Эти мысли взбудоражили Леони. Когда же она отвыкнет думать об отце? Она уже знала, что те немногие воспоминания, которые она себе позволила, повергнут ее в горестные размышления на целый день, если не больше, а в нынешних обстоятельствах у нее и так было достаточно того, что следовало преодолевать, поэтому нечего горевать о прошлом.

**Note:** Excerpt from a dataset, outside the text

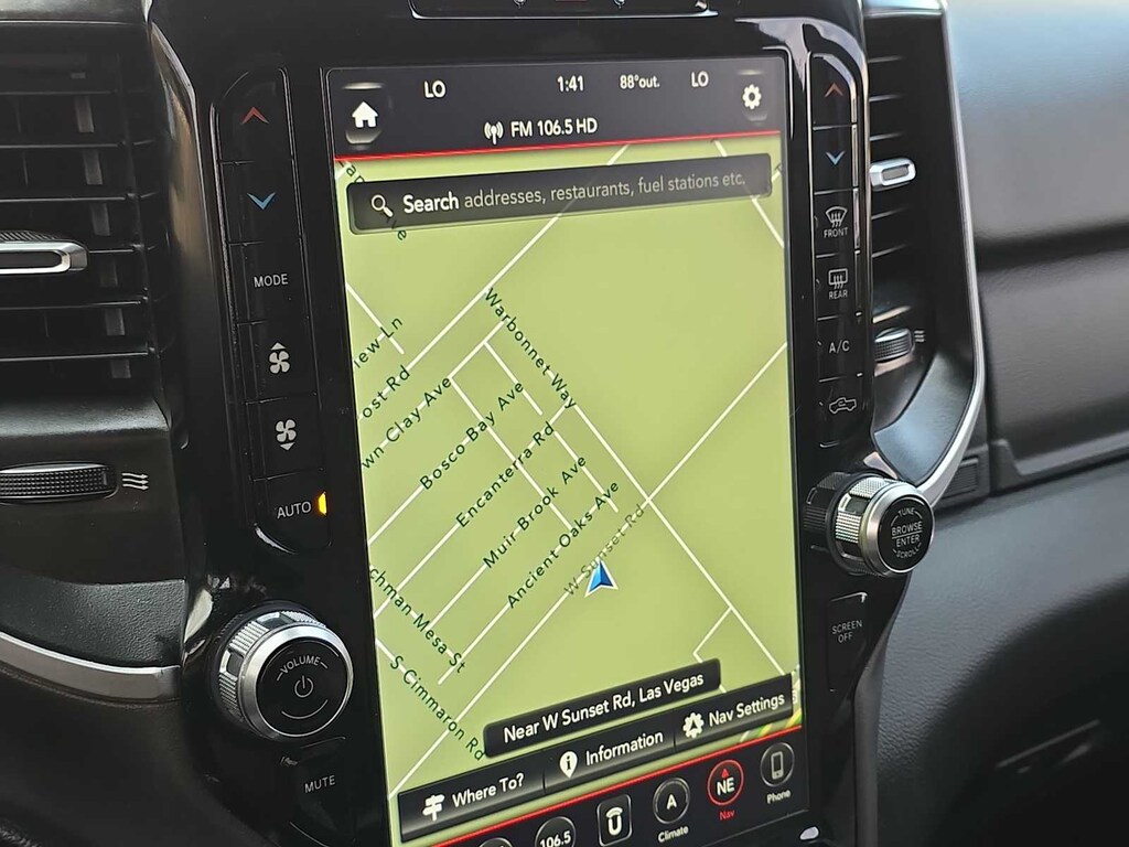 Blending comfort and utility, our Big Horn cabin serves you well with Level 2 Equipment like heated front seats, a heated steering wheel, dual-zone automatic climate control, power-adjustable pedals, and advanced Uconnectî 4 technology that includes a 12-inch touchscreen, a full-color navigation system, Android Autoî/Apple CarPlayî, Bluetoothî, and a nine-speaker sound system. The smart layout keeps you fresh during long days, too!

Она еще раз огляделась по сторонам, внушая себе, что должна радоваться этому празднику, поскольку в Лондоне, как она опасалась, не будет особых поводов для развлечений.
Лондон насчитывал более ста приходов, в каждом была своя церковь, и сто церковных шпилей, поднимавшихся над городскими стенами, внушали чувство благоговения. Леони хорошо запомнила свою первую поездку в Лондон еще ребенком и самое замечательное здание, видимое с большого расстояния, — величественный собор Святого Павла, который господствовал над городом своими громадными кровлями, нишами и готическими сводами.

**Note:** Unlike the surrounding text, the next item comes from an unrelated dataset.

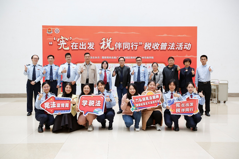 治国凭圭臬,安邦靠准绳。2023年12月4日,是第十个国家宪法日,12月1日至7日为“宪法宣传周”。为大力弘扬宪法精神,建设社会主义法治文化,我校会计学院联合国家税务总局广州市增城区税务局共同举办“‘宪’在出发税伴同行”跨校区税收普法活动。活动于广州校区图书馆报告厅线上线下同步举行,国家税务总局广州市增城区税务局党委委员、副局长黄莹莹、二级高级主办钟健民、增城区税务局“远方田野”乐队、税务青年代表、会计学院主持工作副院长刘善球、会计学院党委副书记、副院长陈洋广,会计学院副院长周书域、会计学院税务系主任张翠凤、税务系副主任李志凤以及会计学院广州、肇庆校区师生代表参加了本次活动。

Палатинский замок, построенный почти столетие назад, был еще одним великолепным каменным строением в городе, застроенном главным образом одноэтажными каркасными домами. Это был единственный королевский дворец в пределах старинных римских стен города, и Леони и Рольфу предстояло жить именно в нем.
Леони была довольна. Король жил в Вестминстер-Холле, находившемся за городом, поэтому она надеялась, что увидит Генриха всего один раз. Леони должны были представить королю на следующий день после их приезда. Однако Рольфу предстояло встретиться с ним сегодня вечером.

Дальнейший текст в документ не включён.